I have not been able to find a way to go about doing this, however.
R language has write(.dta) which allows a dataFrame in R to be converted to a .dta file, and there is a port to the R language from Python via RPy, but I can’t figure out how to use RPy to access the write(.dta) function in R.
You need rpy2 for Python and also the
foreign package installed in R. You do that by starting R and typing
install.packages("foreign"). You can then quit R and go back to Python.
import rpy2.robjects as robjects robjects.r("require(foreign)") robjects.r('x=read.csv("test.csv")') robjects.r('write.dta(x,"test.dta")')
You can construct the string passed to
robjects.r from Python variables if you want, something like:
robjects.r('x=read.csv("%s")' % fileName)
(copypasting from my answer to a previous question)

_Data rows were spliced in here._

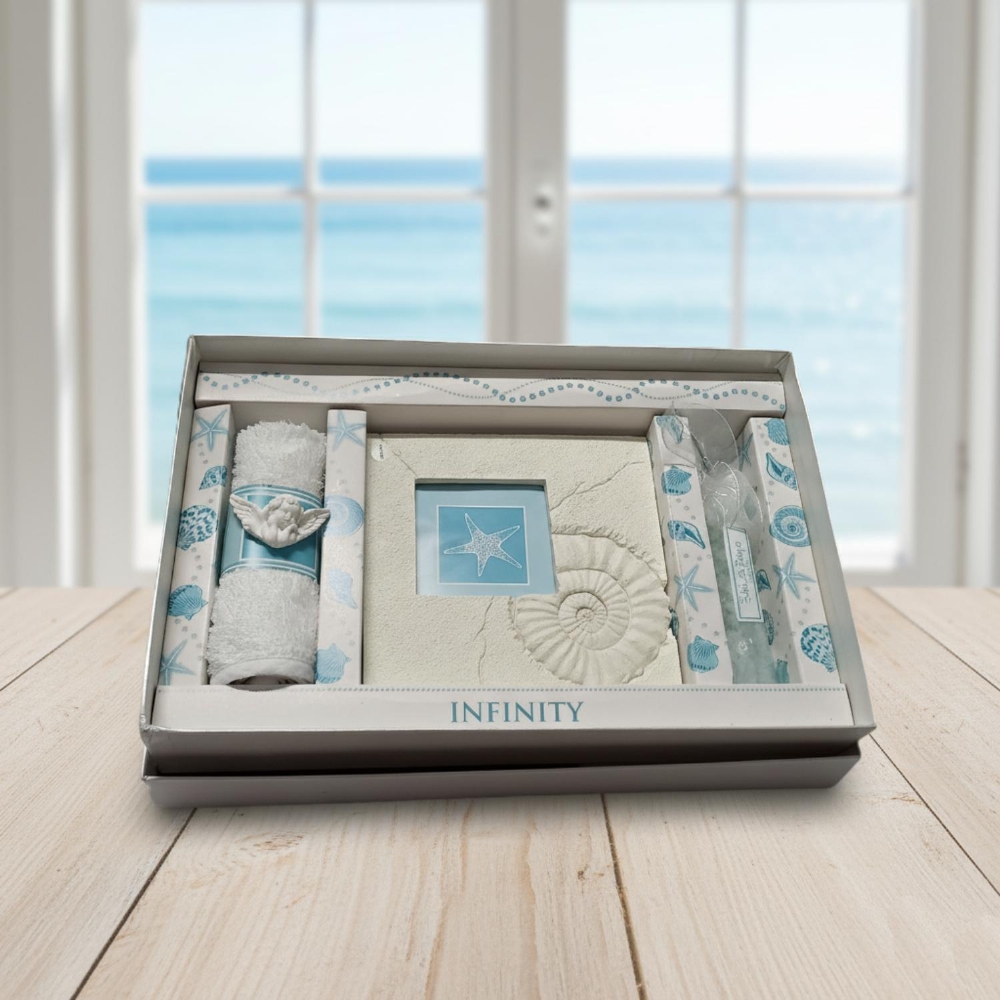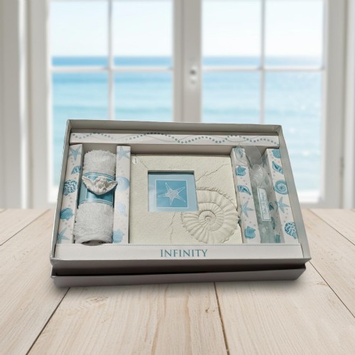 Confezione Regalo Completa: Il set è presentato in una scatola elegante con un design interno coordinato al tema mare. La confezione è già pronta per essere donata, ideale per un compleanno, un anniversario, o come una splendida e originale idea regalo che stupirà e rilasserà.
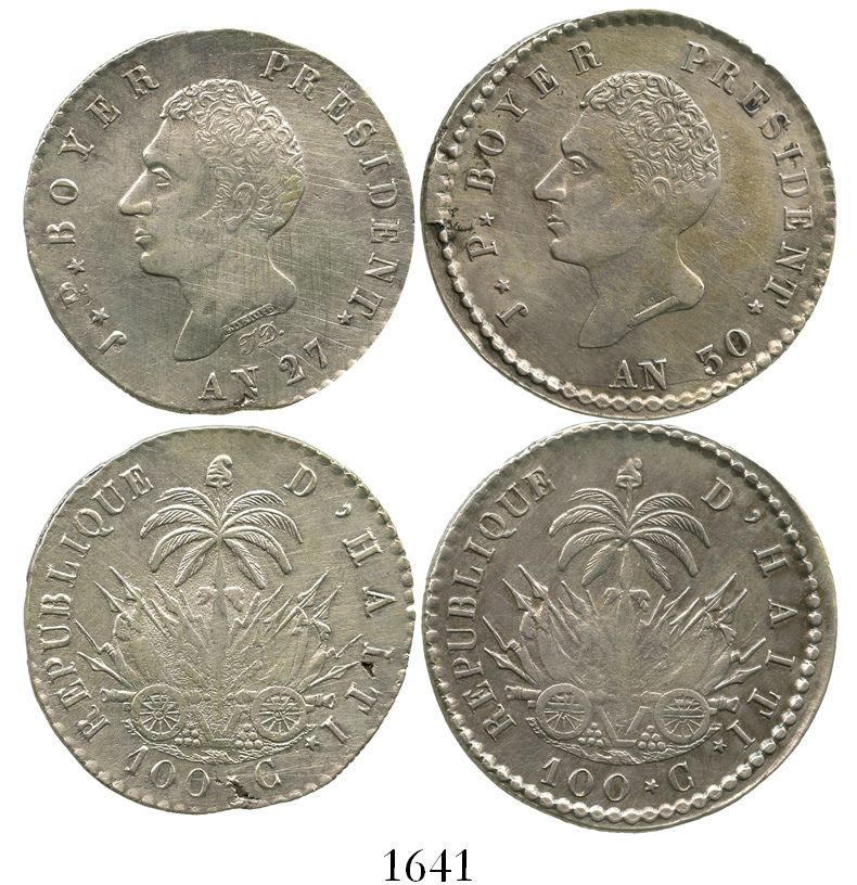 Lot of 2 Haiti 100 centimes, AN 27 and AN 30 (1830 and 1833). KM-A23. 20.5 grams total. Choice but cleaned XF, the AN 27 with crude edge and somewhat grainy reverse, the AN 30 with broad flan and somewhat weak reverse.
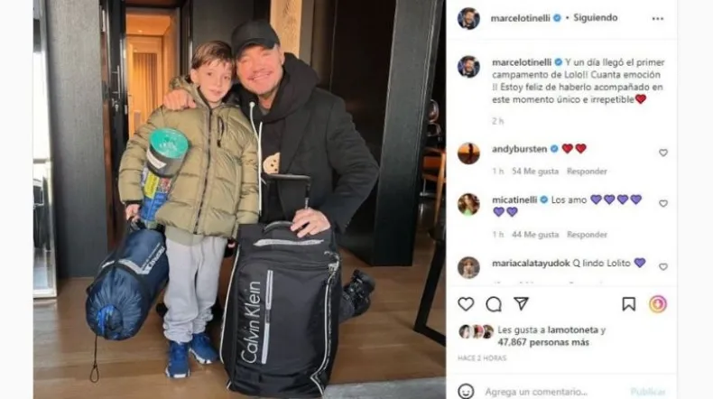 "¡Y un día llegó el primer campamento de Lolo! ¡Cuanta emoción! Estoy feliz de haberlo acompañado en este momento único e irrepetible", escribió Marcelo Tinelli en la publicación en la que posó junto al niño con indumentaria de camping y mochila.
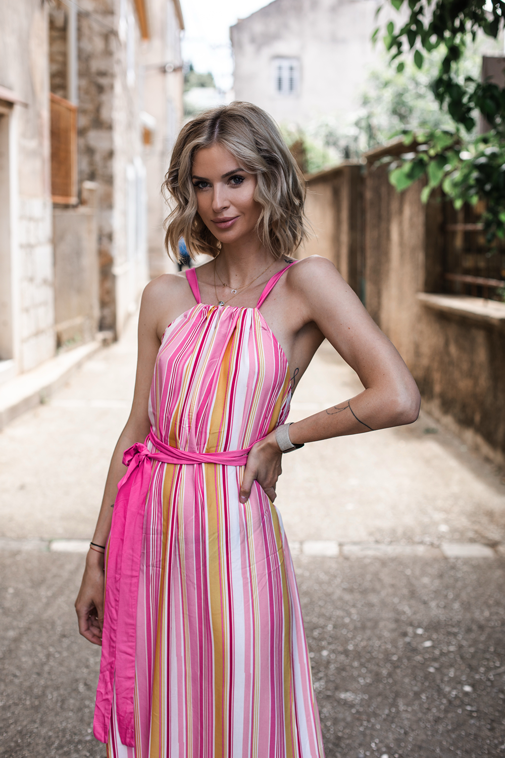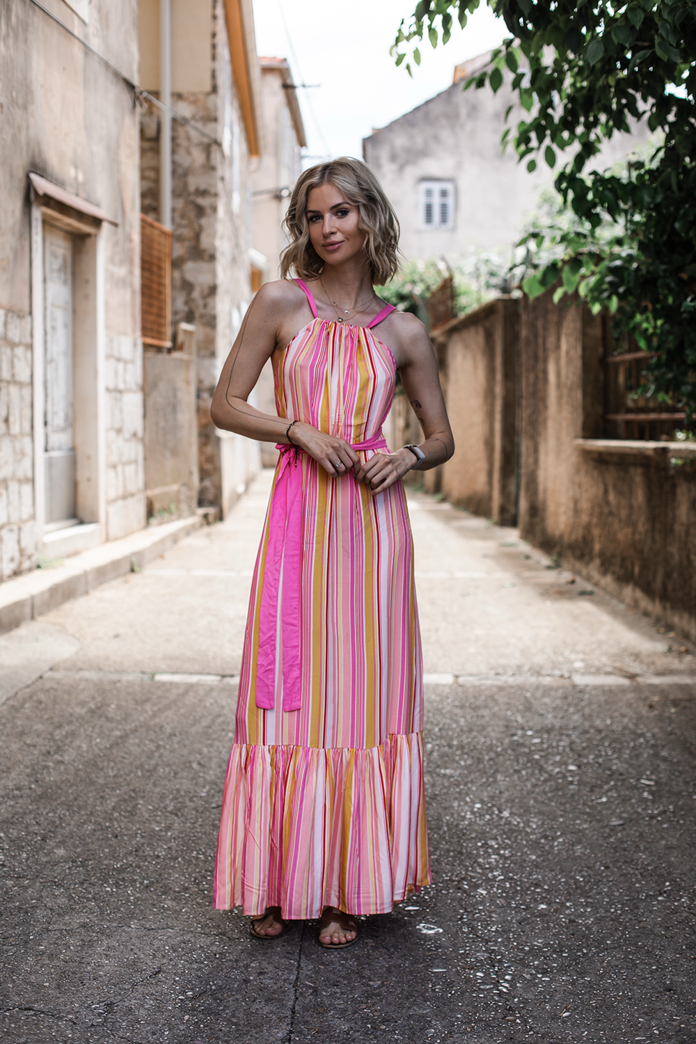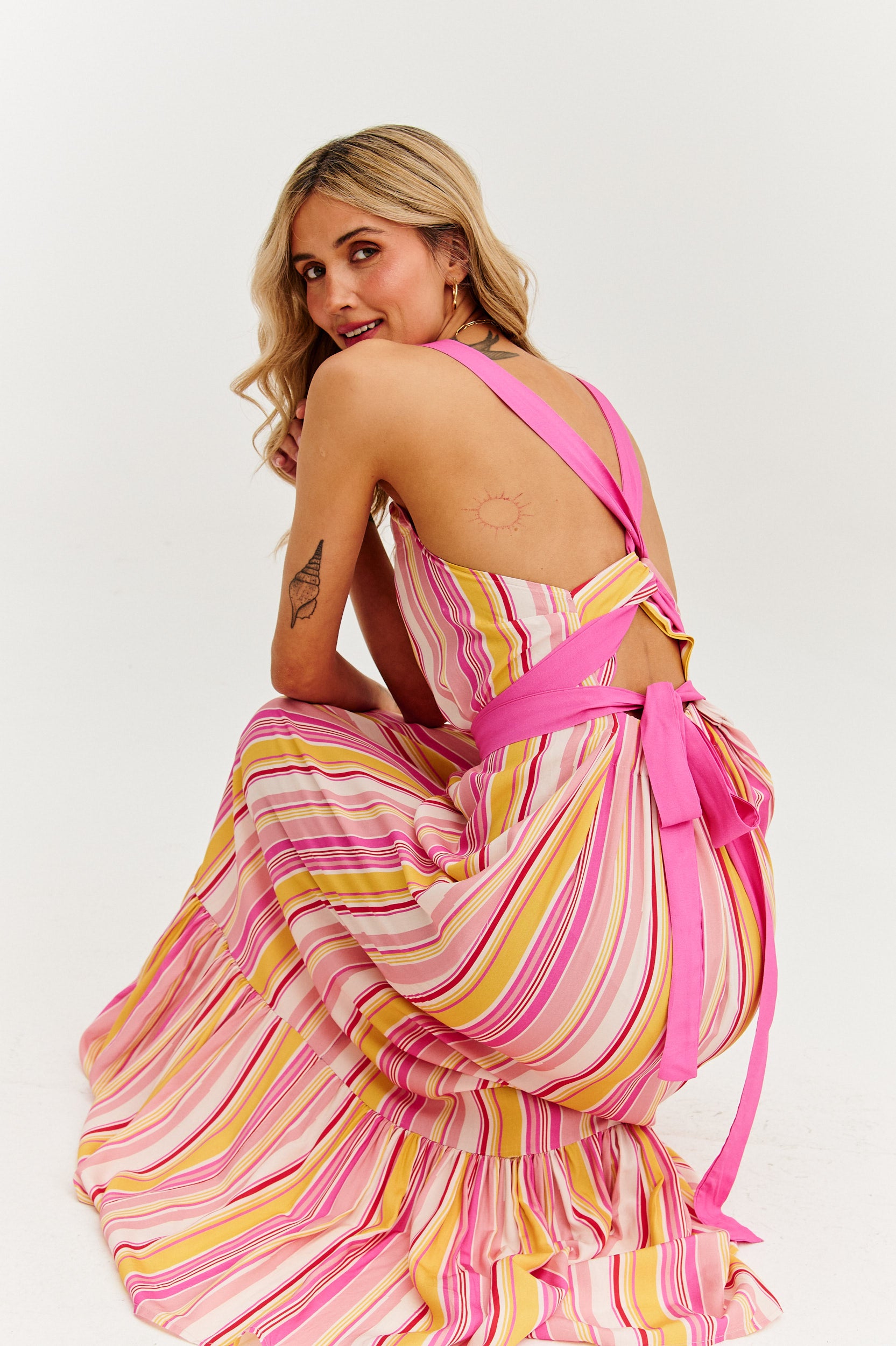 Sukienka multiway Candy Coastline to kwintesencja wakacyjnego luzu i kobiecego wdzięku. Różowo-żółte pasy przywołują wspomnienia najpiękniejszych zachodów słońca nad morzem, a delikatny połysk materiału i rozkloszowany dół z falbaną sprawiają, że każdy ruch wygląda w niej lekko i efektownie. To model typu multiway – możesz nosić ją na wiele sposobów, wiązać na szyi, na plecach lub klasycznie z kokardą w talii. Wybierz wersję, która najlepiej wyrazi Ciebie. Nie musisz wybierać między wygodą a wyjątkowością – Candy Coastline daje Ci jedno i drugie.

pandas DataFrame objects now have a “to_stata” method. So you can do for instance
import pandas as pd df = pd.read_stata('my_data_in.dta') df.to_stata('my_data_out.dta')
DISCLAIMER: the first step is quite slow (in my test, around 1 minute for reading a 51 MB dta – also see this question), and the second produces a file which can be way larger than the original one (in my test, the size goes from 51 MB to 111MB). Spacedman’s answer may look less elegant, but it is probably more efficient.